Many - even among my own kind - think our darkest moment came when our father-maker was slain by Tremere. In truth, our darkest moment came when we lost our way - when we failed to follow the path of redemption and strayed into the vast wasteland of self-love and conceit. In this, our path to redemption was made more difficult - all hands turned against us, and there was no quarter to be found anywhere among our own kind. Now we exist in the time of true trial - the real test of our devotion to the path, to our humanity, and to all that is good and right. Now we face the last challenge we will be afforded, our last opportunity to redeem our immortal souls.

I am young in comparison to the world, the most recent childe of a line that stretches back to the very beginning of time on earth. Within me, I carry the souls of all those who proceed me. I am trusted with the perfected souls of my ancestors, those spirits that overcame the curse of the beast and rediscovered their humanity in Golconda. As guardian to these sleeping souls, I must either see them to the judgment day when they will finally know peace, or select a new worthy to entrust when I achieve this perfection of self. It is a heavy burden I bear, to know that if I fail, all those who have placed their trust in me will be destroyed - to know that their great efforts will have been for nothing. I must survive to fulfill my promise to my forebears, and I must join them in their enlightened state.

I do not know if other Cainites once understood our custom that they now term simple diablerie, or if understanding would make a difference.

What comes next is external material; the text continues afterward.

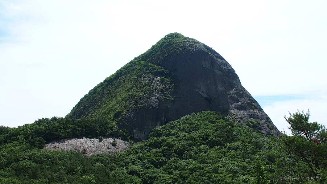위쪽 가운데 볼쏙 솟은 산은 내동산.

I have tried to explain to some that what they call murder of the highest order is actually a magnificent bond of trust between sire and childe, but my words seem always to fall upon deaf ears. Before my sire entrusted me with his soul, he warned me that none would ever understand this practice. I have not given up hope so quickly however, and remain optimistic that someday, someone will understand. Until that day, I am hunted for slaying my sire in cold blood. I reason that this is part of the challenge all my kind must face, that this is part and parcel to the trials I must endure to be worthy of redemption. I am ashamed to admit this does little to assuage the sadness I experience when I encounter such treatment.

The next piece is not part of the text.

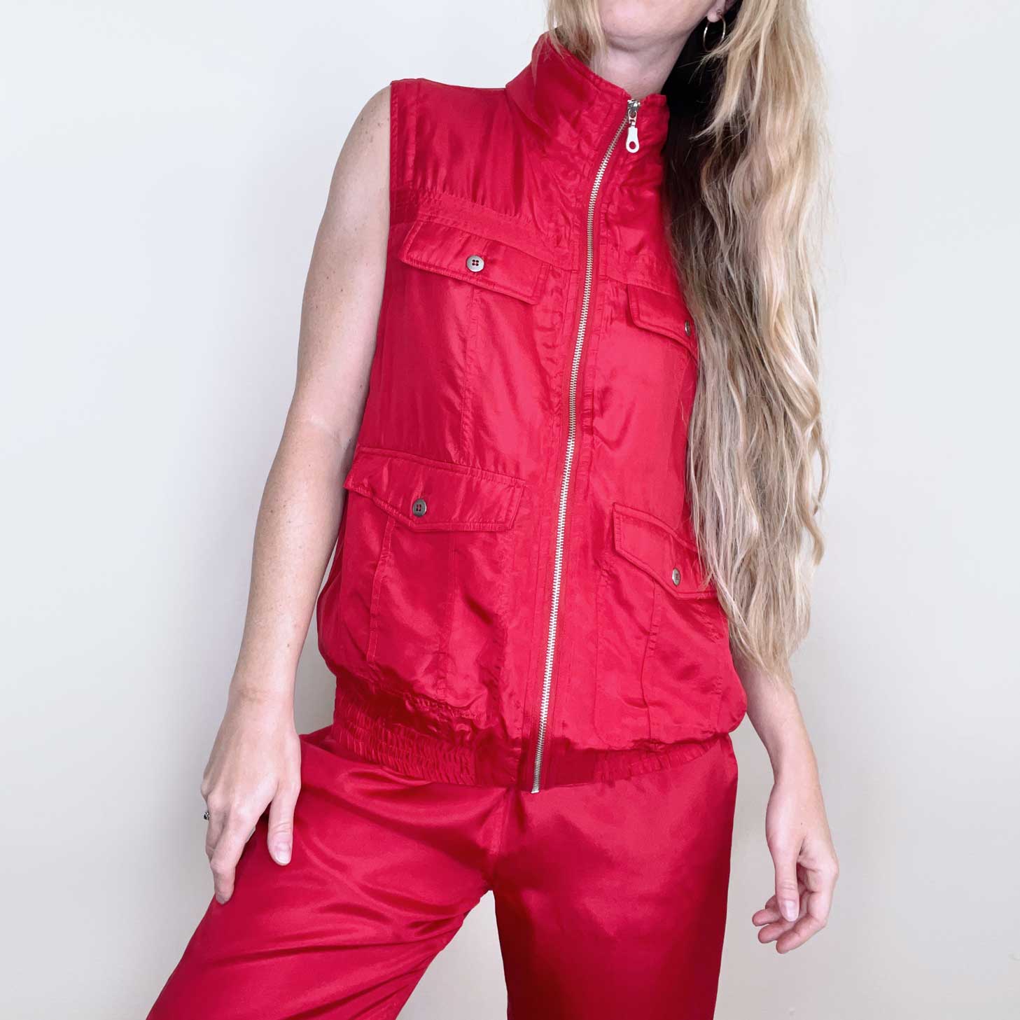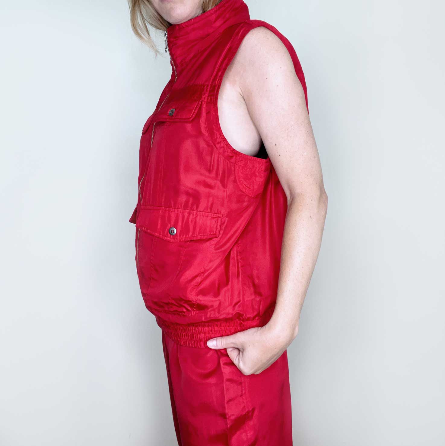 nwt vintage deadstock evr red silk top vest and track pant set - size medium

I remain confused about others' views on the soul, despite my best efforts to understand. On the one hand, I have often heard it said that we have no souls - that we are damned, and our souls descended straight to hell to suffer the moment kindred vitae touched our lips. I have heard those same voices speak my clan name with fear, and call me soul stealer. I do not understand why they fear the theft of something they believe they do not have to steal, unless their claims of damnation are only meant to mollify their fears of the afterlife. I do know that they fail to understand that my gift is not to destroy souls but to heal them, and that this too is demanded as part of my redemption. Perhaps their resistance is simply part of my trial also - perhaps the cruelest part of all. It pains me to be met with fear and rejection when I endeavor only to help them and myself, and to be thought of as the very monster my blood once railed against.

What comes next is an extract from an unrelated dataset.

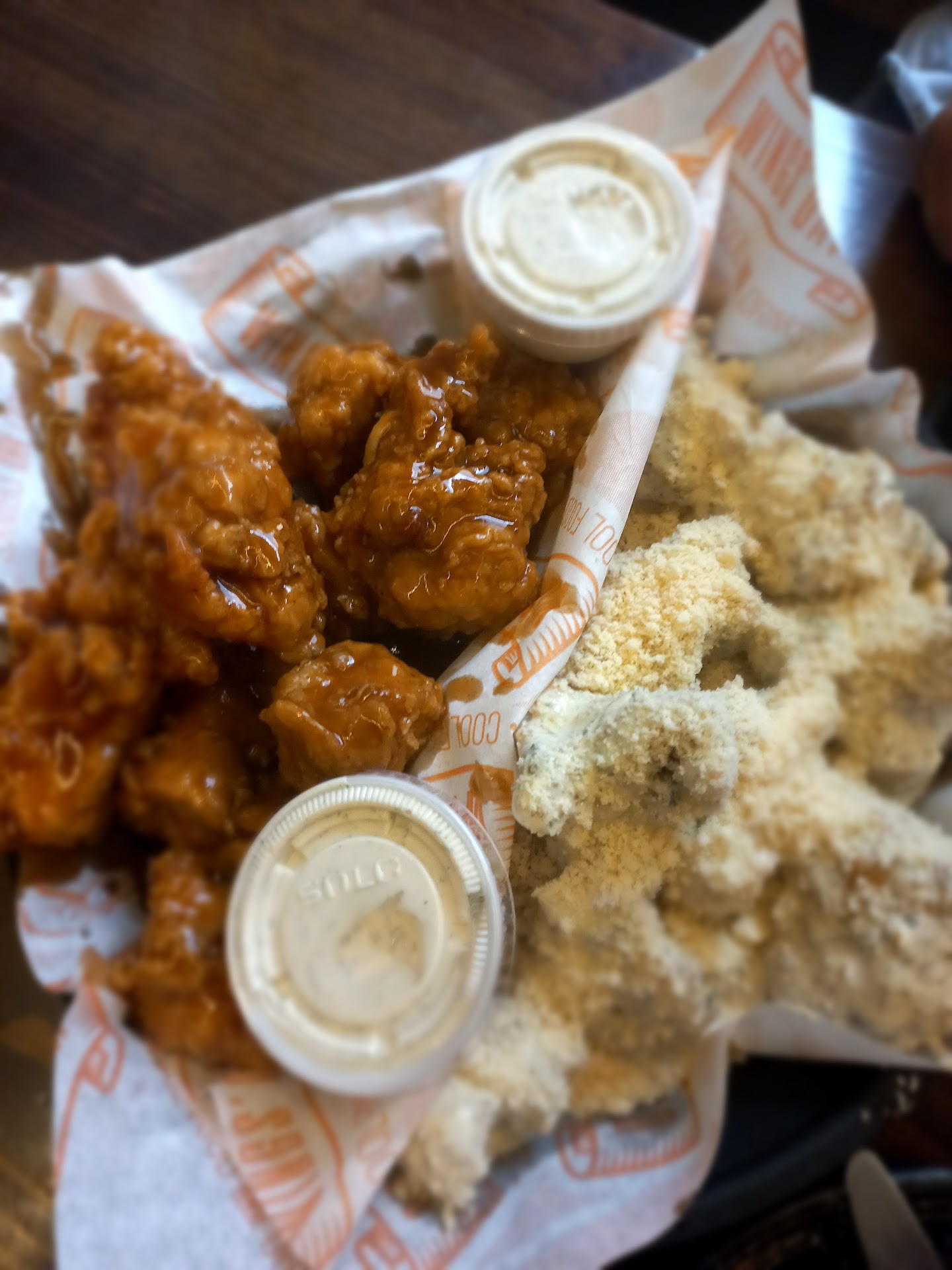 En cuanto a la comida, las boneless están bien. No son espectaculares, pero tienen buen sabor, y las porciones son bastante generosas, donde los trozos de pollo son de buen tamaño, lo cual es algo positivo comparado con...

The largest trial, however, is not to fall to the easy path in these hardships - not to smite those who would destroy me, not to use my gifts to destroy, not to become the beast that would end all this pain and hardship in the blink of an eye. I could destroy my would-be pursuers, but in doing so I would destroy myself and all those who have trusted me with their salvation. I could abandon the path that makes my life so difficult, but in doing so I would abandon all hope of redemption - both for myself and for all those who came before me.

Really, it is no choice at all - for while many of my hateful brothers and sisters have the temporary luxury of believing themselves already damned, I know better. I must seek Golconda and rediscover humanity. I must keep myself and those souls I guard safe from harm without causing harm. I must heal those who would let me, and forgive those who would hunt me.

I am Salubri, and I know what it means to face eternal damnation.